Stress reduction and stress management are very important keys to help you improve your overall health and well being. Long-term or chronic stress and tension can tire out your internal organs and glands, interfere with your digestion, deplete your immune system and over time, contribute to an acidic biochemical environment and premature aging. Most ailments and disease processes are closely linked with chronic stress.

One of the most effective measures that you can take to manage stress is to incorporate basic relaxation exercises into your daily routine. Most relaxation exercises incorporate breathing techniques, which will help you slow down, increase oxygenation of all of your vital tissues, release unwanted carbon dioxide and relax tense and tired muscles.

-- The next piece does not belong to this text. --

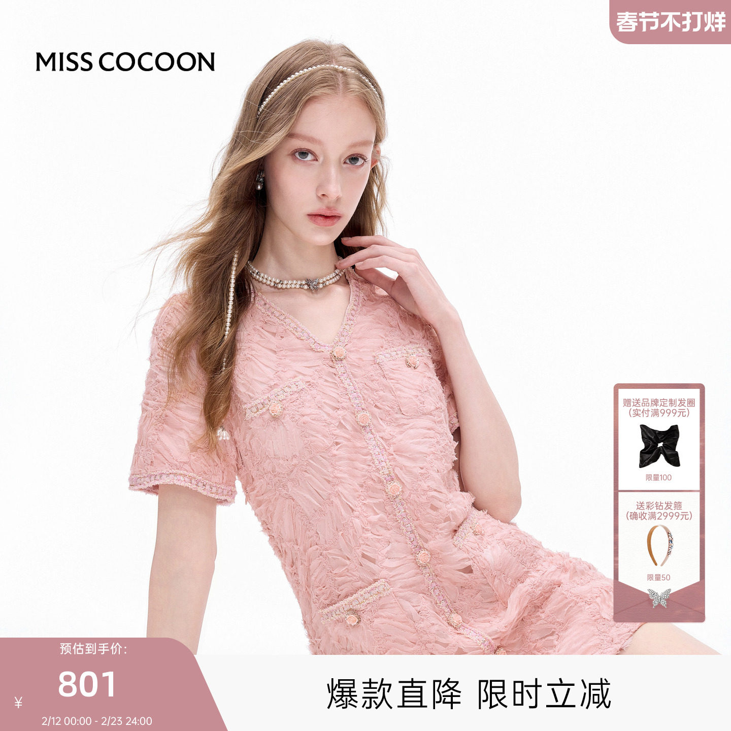 📚 MISSCOCOON可可尼小香风连衣裙女2025新款秋冬高级感法式粉色裙子

If stress has become a challenge in your life, NOW is the perfect time to learn new, healthy techniques to combat and control tension. We offer many basic and advanced courses in stress management at the Natural Path Center, and other courses can often be found at many community, health care centers and hospitals. There are also many helpful books, audio and video programs that can help you to learn the basics of relaxation in the comfort of your own home. We have several at the center; also look for these in your local library, bookstore or video store. Three basic breathing exercises follow to help you get started. Use these exercises as often as needed (which is almost always, but at least 2-3 times dailyJ) throughout the day.

 

Sigh of Relief

  • Close your eyes
  • Inhale slowly and deeply through your nostrils. While inhaling, picture relaxation, happiness, and peace entering or flowing into you. You may enjoy imagining a cool, soothing color like blue flowing in to soothe you.
  • Hold your breath for a few seconds, and then exhale very slowly through your mouth. As you do so, imagine all of your tension, fear, or anger being released and blown away.
  • Repeat as often as needed.

 

1 To 8 Count Breathing

  • Close your eyes.
  • Inhale slowly and deeply through your nostrils. As you do so, imagine the number 1 clearly in your mind. See it printed large and bold.
  • Exhale slowly and completely through your nostrils. As you do this, see the number 2 boldly in your mind.
  • Inhale again and see the number 3.
  • Continue this exercise to the count of 8. Inhale and exhale very slowly.
  • Repeat this sequence as often as needed during the day.

 

1 To 4 & 1 To 8 Count Breathing

  • Close your eyes.
  • Inhale slowly and deeply to the count of 1-2-3-4. Feel your lungs filling with air.
  • Hold this air to the count of 1-2-3-4.
  • Exhale very slowly through your nostrils to the count of 1-2-3-4-5-6-7-8.
  • Repeat the sequence three or more times. Use this exercise as often as needed during the day.